In sum, Democrats could very well have used the willingness of broadband providers to “deal” not only to get net neutrality provisions enacted into statute, but also to condition their support on real legislative action to close the digital divide. But no Democrat stepped up the plate.
Why not? Because they knew they would have been vilified by net neutrality zealots as a sellout who were too willing to sacrifice Wheeler’s Title II “commandments” for a “compromise.” Wheeler himself made the situation worse. After netroots protesters backed him into a political corner — and on one occasion wouldn’t even let him out of his driveway — he became an eager convert to net neutrality absolutism, rejecting calls for any legislative solution.
Well how did that turn out? The net neutrality advocates now find themselves back to square one, without any FCC guardrails or digital divide funding. They got nothing. Zealotry may feel good and gin up lots of donations, but it doesn’t produce real, lasting results.
But the issue has not necessarily been resolved once and for all. In fact, a bipartisan legislative solution along the lines ITIF proposed in 2015 is still in everyone’s interest.

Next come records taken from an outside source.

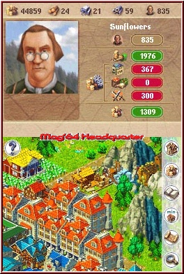 Auch hier ist das Spiel komplett über den Touch Screen zu steuern. Tippt Ihr auf die Gegend könnt Ihr durch Ziehen oder Wischen die Gegend erkunden. Geht angenehm einfach und vor allem flott über die Bühne. So sucht man sich also als erstes einen geeigneten Platz für den Holzfäller. Logisch das dieser nicht auf einer Wiese stehen sollte, sondern möglichst in einem Waldgebiet. Stichwort Siedler müßt Ihr euch hier nicht um einen Förster kümmern. Einmal Wald immer Wald und damit auch Nachschub in Sachen Holz. Kaum steht das Gebäude greifen weitere wichtige Dinge im Spielsystem. Zum einen könnt Ihr den Holzfäller wie später alle anderen Geböude anklicken und erfahrt einiges darüber. Zum einen über die Produktivität und ob es sich lohnt diesen am gewählten Platz zu belassen. Denn noch viel wichtiger ist die Tatsache das alle Gebäude etwas kosten. Nicht nur in der einfachen Anschaffung was Geld und Ressourcen angeht, sondern viel wichtiger im Unterhalt. Ein Holzfäller kostet zwar kaum etwas im Unterhalt, später bei voll entwickelter Kolonie und allen anderen Gebäuden ein ganz wichtiger Faktor. Auch hier ein großer Unterschied zum Siedler System. Nun gut der Holzfäller steht, Holz kommt trotzdem noch nicht in das Kontor. Dazu erscheint nun auch noch ein Ausrufezeichen über dem Gebäude. Das bedeutet immer das dort ein Problem vorherrscht. Neben Infos die nach dem Anklicken im Top Screen auftauchen erscheinen auch Symbole um das Gebäude. Teils noch abgedunkelt gehört da auch ein Fragezeichen dazu. Hier könnt Ihr sehen das irgendwas nicht stimmig ist. Hier ist es die fehlende Anbindung an das Kontor. Es muß also zwingend eine Straße her welche den Holzfäller und das Kontor verbindet. Auch das gilt das gesamte Spiel über und einfach ein Gebäude irgendwo in die Pampa zu setzen hat nur bei wenigen Sinn. Hier ähnelt das ganze also mehr dem Sim City Prinzip. Ohne Infrastruktur geht nichts in Anno 1701.
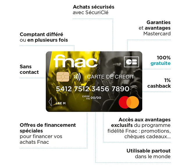 - 1% de cashback(6)(Note de bas de page) du montant des achats réalisés avec la carte est crédité sur votre compte fidélité sous réserve d'adhésion au programme Fnac+
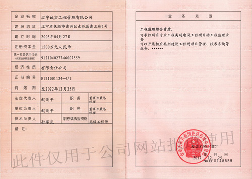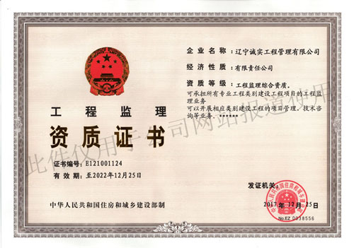 2017年12月25日《中華人民共和國住房和城鄉(xiāng)建設(shè)部公告第1783》中發(fā)布了題為《建設(shè)部關(guān)于核準(zhǔn)2017年度第十四批建設(shè)工程企業(yè)資質(zhì)資格名單的公告》,自此,我單位單位由過去的五項(xiàng)甲級工程監(jiān)理資質(zhì)晉升為“工程監(jiān)理綜合資質(zhì)”。這標(biāo)志著我公司一直持續(xù)保持著良好、穩(wěn)步的發(fā)展勢頭,朝著項(xiàng)目管理公司轉(zhuǎn)型的路上不斷挺進(jìn)。成績的取得,不僅凝結(jié)了公司領(lǐng)導(dǎo)層的心愿與艱辛,更是全體員工矢志不渝的追求和不懈努力的體現(xiàn)。
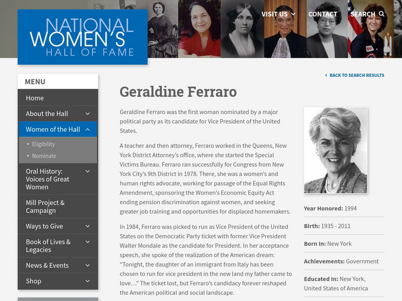 Read about the life of the first woman to be nominated by a major political party for the candidacy of Vice President of the United States. Inducted into the Woman's Hall of Fame in 1994.
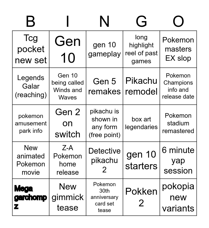 This bingo card has a free space and 24 words: Z-A Pokemon home release, New gimmick tease, Gen 5 remakes, Mega garchomp z, Pokemon masters EX slop, Tcg pocket new set, Legends Galar (reaching), Gen 10, box art legendaries, Detective pikachu 2, Pikachu remodel, pokemon amusement park info, gen 10 starters, 6 minute yap session, Gen 10 being called Winds and Waves, Pokken 2, Pokemon stadium remastered, gen 10 gameplay, Pokemon Champions info and release date, Gen 2 on switch, pokopia new variants, New animated Pokemon movie, long highlight reel of past games and Pokemon 30th anniversary card set tease.
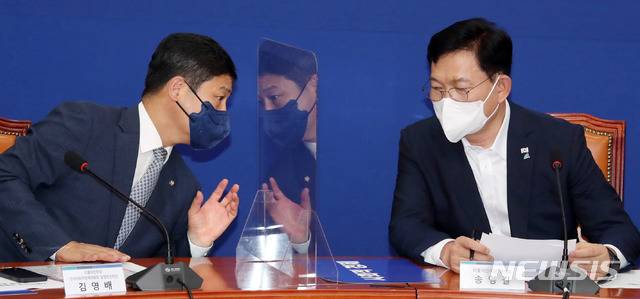 [서울=뉴시스] 최동준 기자 = 더불어민주당 송영길 대표, 김영배 단장이 14일 서울 여의도 국회에서 열린 사회적경제 입법추진단 당정청회의에서 대화하고 있다. (공동취재사진) 2021.07.14. photo@newsis.com
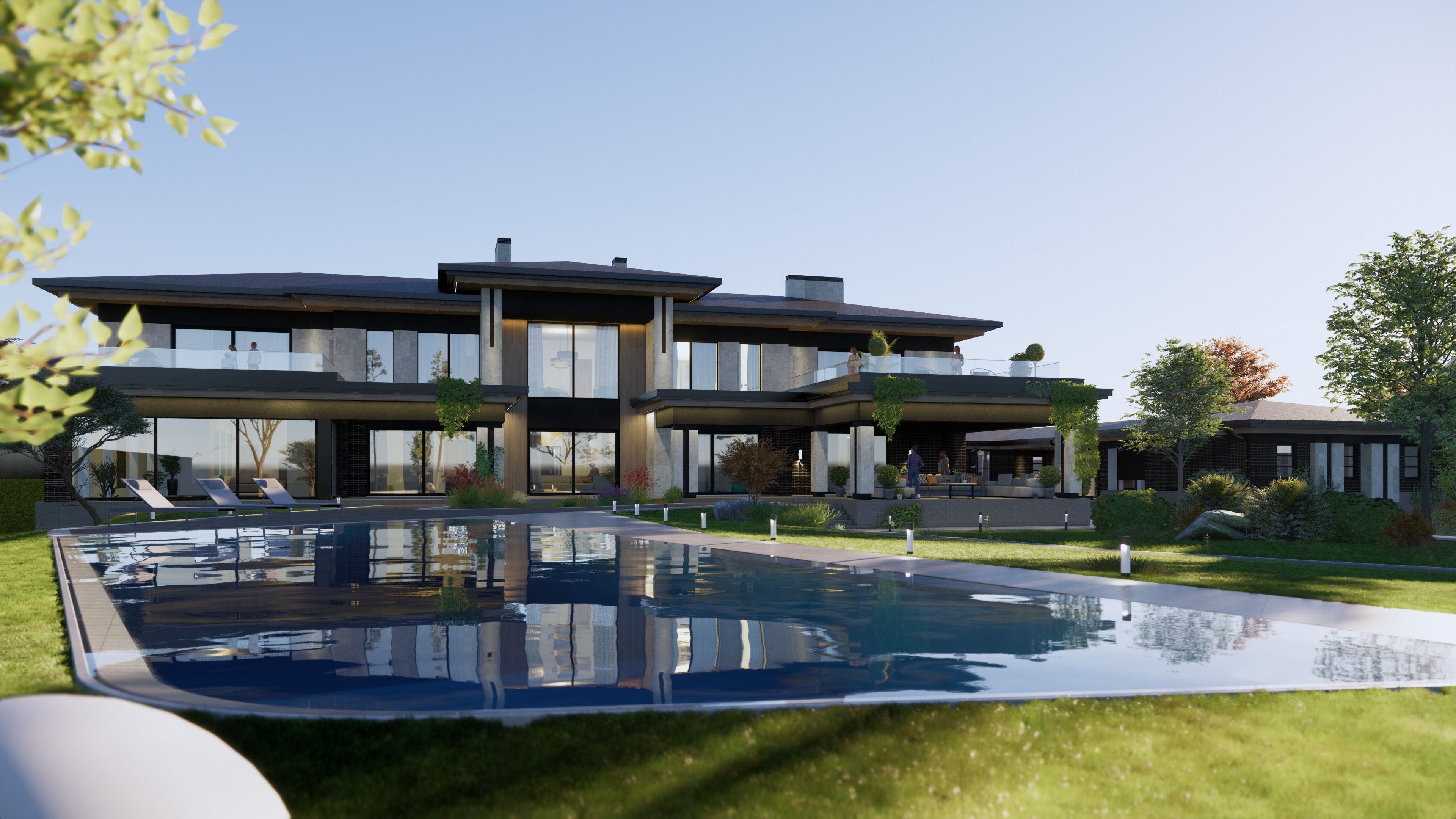 • Основний будинок із 4 спальнями, просторими гардеробними, ванними кімнатами, кабінетом, студією, основною та допоміжною кухнями.
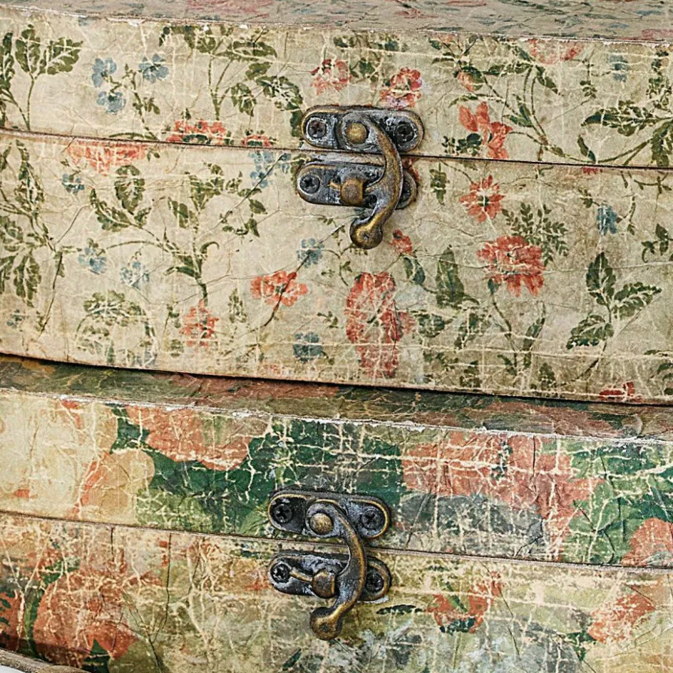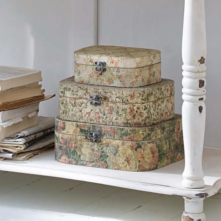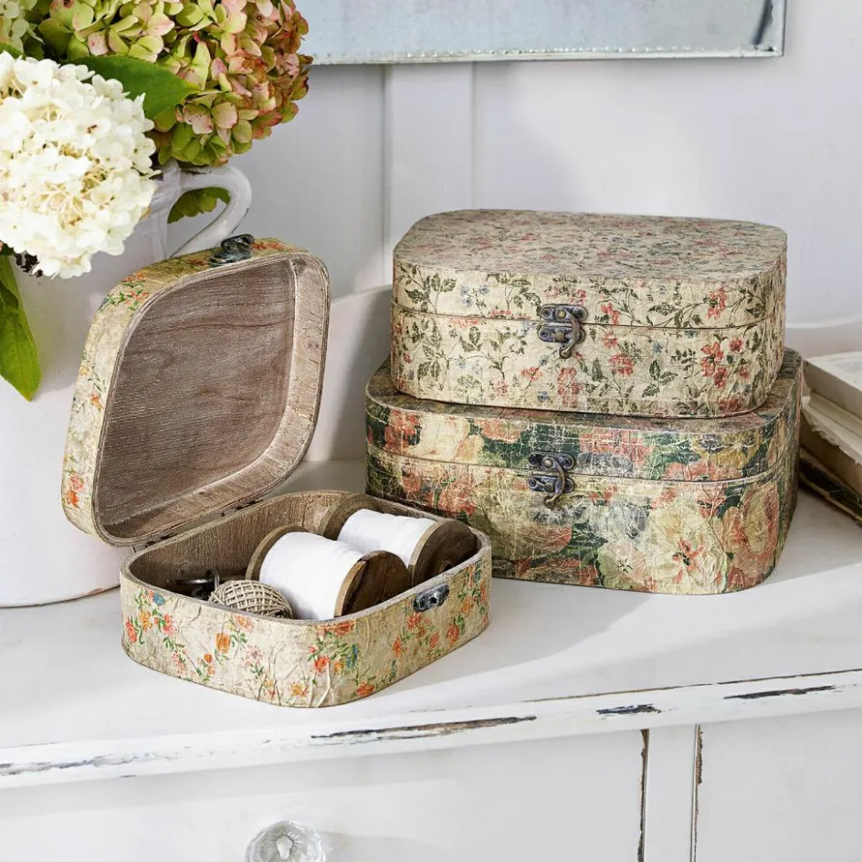 Wie romantische Fundstücke von einem verwunschenen Speicher oder liebgewonnene Andenken wirken diese drei Boxen mit Shabby-Chic-Flair. Sie bezaubern mit sehr authentischem Antik-Look und erscheinen wirklich wie aus einer anderen Zeit. Drei unterschiedliche Größen befinden sich im Set. Einzeln oder als Gruppe, vielleicht dekorativ übereinander gestapelt: Selten sah Stauraum so hübsch aus. Die Behältnisse können übrigens stehend oder liegend arrangiert werden. Ob Briefe, Tagebücher, Schmuck, Fundstücke aus der Natur oder ein Teddy aus Kindertagen, darin finden kleine Gegenstände wunderbar Platz. Ein schönes Detail ist das fein gearbeitete Schloss. Die handlichen Truhen, die ein wenig an Vintage-Schmuckboxen erinnern, bestehen aus MDF. Die Oberfläche ist aus bedrucktem Papier. Der zarte Print mit Blüten-Ranken entführt uns in eine Ära, die lange zurückliegt. Für alle Romantiker, die gerne von früher träumen und sich eine äußerst schmückende Form der Aufbewahrung wünschen, ist dieses 3er Set einfach perfekt.
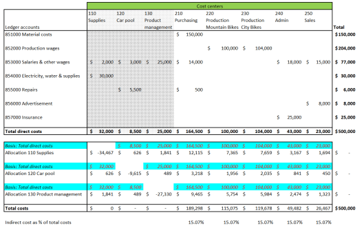 Executing such kind of allocations necessitates the use of an iterative approach that allocates the costs of the indirect cost centers several times until all costs are allocated to the operative (‘direct’) cost centers no. 210-250.
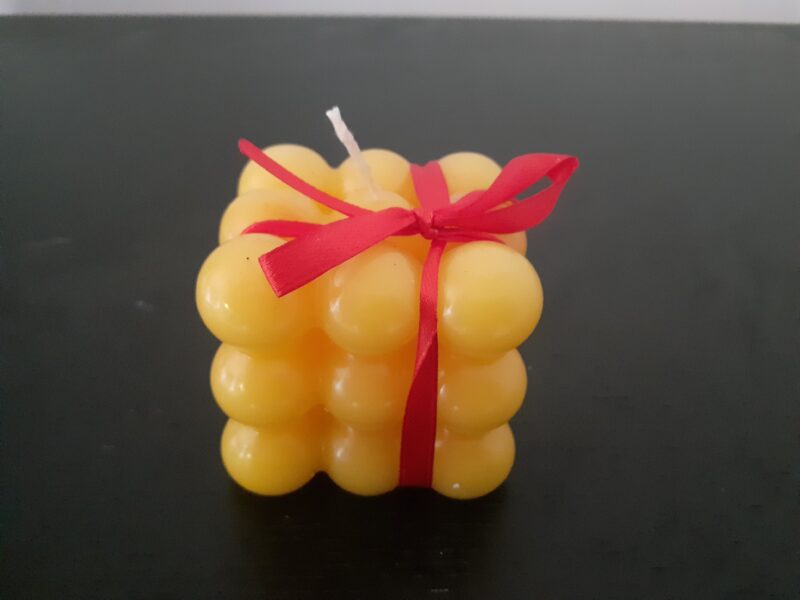 candela in cera d’api di forma cubica ma realizzata a piccole palle
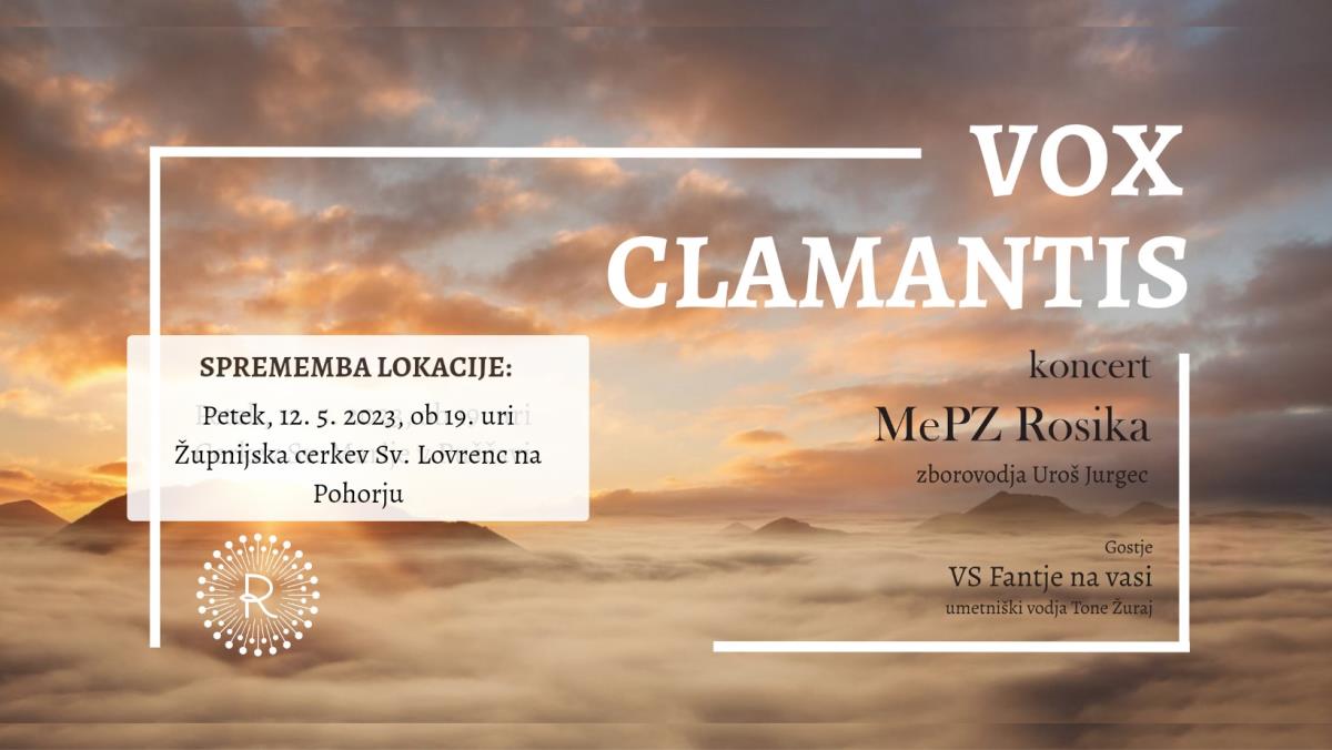 MePZ Rosika prisrčno vabimo na koncert z naslovom Vox clamantis. Pevski večer bo potekal v petek, 12. 5. 2023, ob 19. uri v Župnijski cerkvi Sv. Lovrenc na Pohorju.
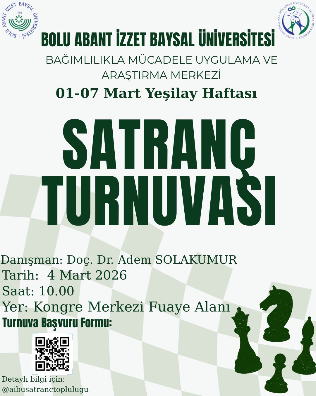 Turnuvaya katılmak isteyen öğrencilerimiz, etkinlik afişinde yer alan karekodu kullanarak başvuru formuna erişebilirler. Organizasyona ilişkin güncel bilgilendirme ve duyurulara ise @aibusatranctoplulugu Instagram hesabı üzerinden ulaşılabilmektedir.
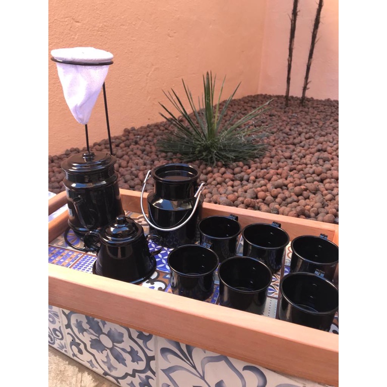Bandeja com Ladrilho + Kit Decorativo Cantinho do Cafe Preto
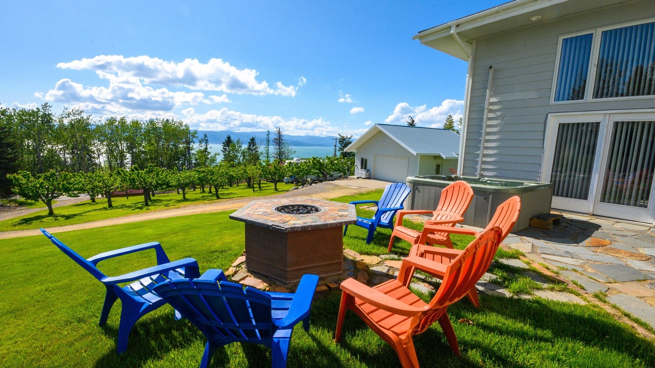 Plan an unforgettable stay for up to 10 in this spacious, tri-level home with spectacular views of Flathead Lake. Perfect for 2 families/groups traveling together; attached Tower portion provides 2 bedrooms of private space. You’ll love relaxing in the hot tub and gathering the group around the firepit. Enjoy grilling and dining on the BBQ patio with a gas grill and seating for 12. All beds are kings at Cherry Tree. The “cherry on top” includes spring cherry blossoms and summer cherries to enjoy.

To be sure, Democrats are in a much weaker bargaining position today than they were then, but their position cannot be completely dismissed. Indeed, whether or not it’s based on valid policy analysis (it’s not), net neutrality regulation enjoys widespread public support. So Republicans shouldn’t get too cocky about their ability to roll back what they see as regulatory excess. The 2020 election could very well deliver a Democratic president and a Democratically controlled FCC, who may not only reinstates Wheeler’s Title II mistake, but do so with price controls and other remnants of monopoly-era regulation included.
Essentially technocratic policy issues should not be left undecided, swinging back and forth between extreme positions. How are the relevant businesses supposed to plan? Unfortunately, however, net neutrality has become a Manichean, ideological debate, full of heroes and villains. We can only hope that such policy debates one day go back to being relatively non-ideological and non-partisan, with stakeholders from all sides working together to promote the best interests of both businesses and consumers. In the meantime, conservative and liberal partisans should take note: All-or-nothing administrative victories are sweet, but fleeting. So, bipartisan, legislative compromise anyone?